Competitive Advantages

Small size:

We’re able to analyze and invest in companies often below the size and/or volume threshold that would be material to many institutional investors. We’re able to establish full positions in neglected or under-followed securities.

Long term perspective:

We’re willing to hold investments where significant value realization is more than a year off. We believe that patience can be as important as intellect.

Concentrated portfolio:

We limit our portfolio to 8 to 15 positions, so that we have the focus and flexibility to pursue the most compelling opportunities. Our largest position can be as much as 20% of the total portfolio, and positions of 7% are quite common.

Investment Principles:

  1. Asset value is based upon the future free cash flows generated by a business discounted back at a risk-adjusted rate of investment.
  2. We do not use leverage.

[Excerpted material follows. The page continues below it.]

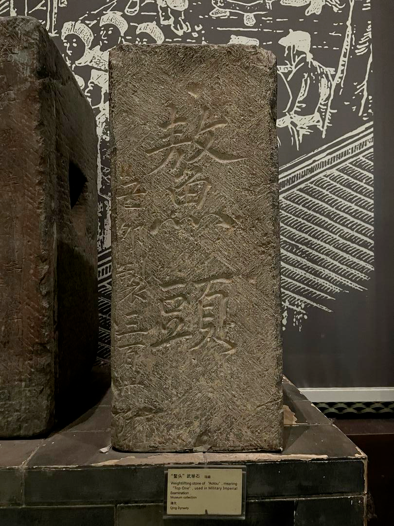 在古代,除了文举,还有武举。记者看到,该馆还收藏多方清代武举考试中常见器具武举石。馆方介绍说,清代科举考试的外场技勇类包括射弓、舞刀、掇石三项,其中石头的重量为二百斤、二百五十斤、三百斤。参加武举考试的考生按自身实力选择重量,测试时必须将石头提举至腰间,并且要停留一段时间才可以判为合格。其中一块带有“鳌头”字样的武举石为晚清时武举考试用石,重达330斤,上刻“鳌头”二字,寓意在科举考试拔得头筹,能举起此物者,将在考试中脱颖而出。

Half of achieving victory is avoiding disaster.
  3. We adhere to a real return hurdle on individual securities, and we measure our portfolio performance relative to the S&P 500 on a 2 year running average. Should the market experience a period of extremely high valuation, we may find ourselves largely holding cash or cash equivalents.
  4. A holding period of 3 or more years can offer superior investing opportunities unavailable to other investors. Investors that measure success in quarters or a single year will often be victim to market sentiment and subsequent redemptions – even if an investment’s thesis is still intact.
  5. A “margin of safety” protects against principal loss. A margin of safety is typically found in one of either two forms: asset quality or price. Principal loss is the most damaging investment outcome in building a compounding machine.
  6. We define high quality companies with high quality management as Irreplaceable. Irreplaceable companies increase in value over time, becoming their own catalyst to value realization.
  7. We define risk as the permanent loss of capital. Investment risk is a function of the knowledge of a business, not stock price volatility.
  8. Diversification can decrease exposure to a certain scenario or set of related outcomes. In this manner, it can decrease risk. Diversification can also decrease depth of understanding in individual investments due to sheer number of total investments. In this manner, diversification can actually increase risk. We seek to minimize our risk through moderately diversified but well-understood investments.
  9. Holding a concentrated portfolio (8-15 positions) allows us gain much of the benefit of diversification and enhances our focus, but it comes with additional price volatility.
  10. Portfolio allocation is just as important a skill as security analysis.


Macro-economic Context

  1. At a late stage in the long-term credit cycle, politicians will be faced with addressing national debt via three broad choices: austerity, inflation, or default. For democratic nations that can issue debt in their own currency (fiat systems), inflation will be the most politically palatable tax on its citizens.
  2. Current treasury yields are artificially low, and they therefore don’t accurately represent a historical or likely future alternative rate of risk free return.
  3. At best, we expect treasury yields to regress towards the historical mean over the long term future (20+ years). At worst, we expect some degree of creeping inflation as easy money policies throughout the world lead to their likely end.
  4. High free cash flowing companies with limited physical assets and a high degree of pricing power are a terrific inflation hedge.
  5. As fiat money systems are pushed towards excess and “broken” by inflation, commodity money is often reinstated in part or whole. The cycle then continues until commodity money is “broken” in part or whole – typically via deflation.
  6. We don’t invest on macro-economic theses, but we believe context sharpens bottom-up understanding.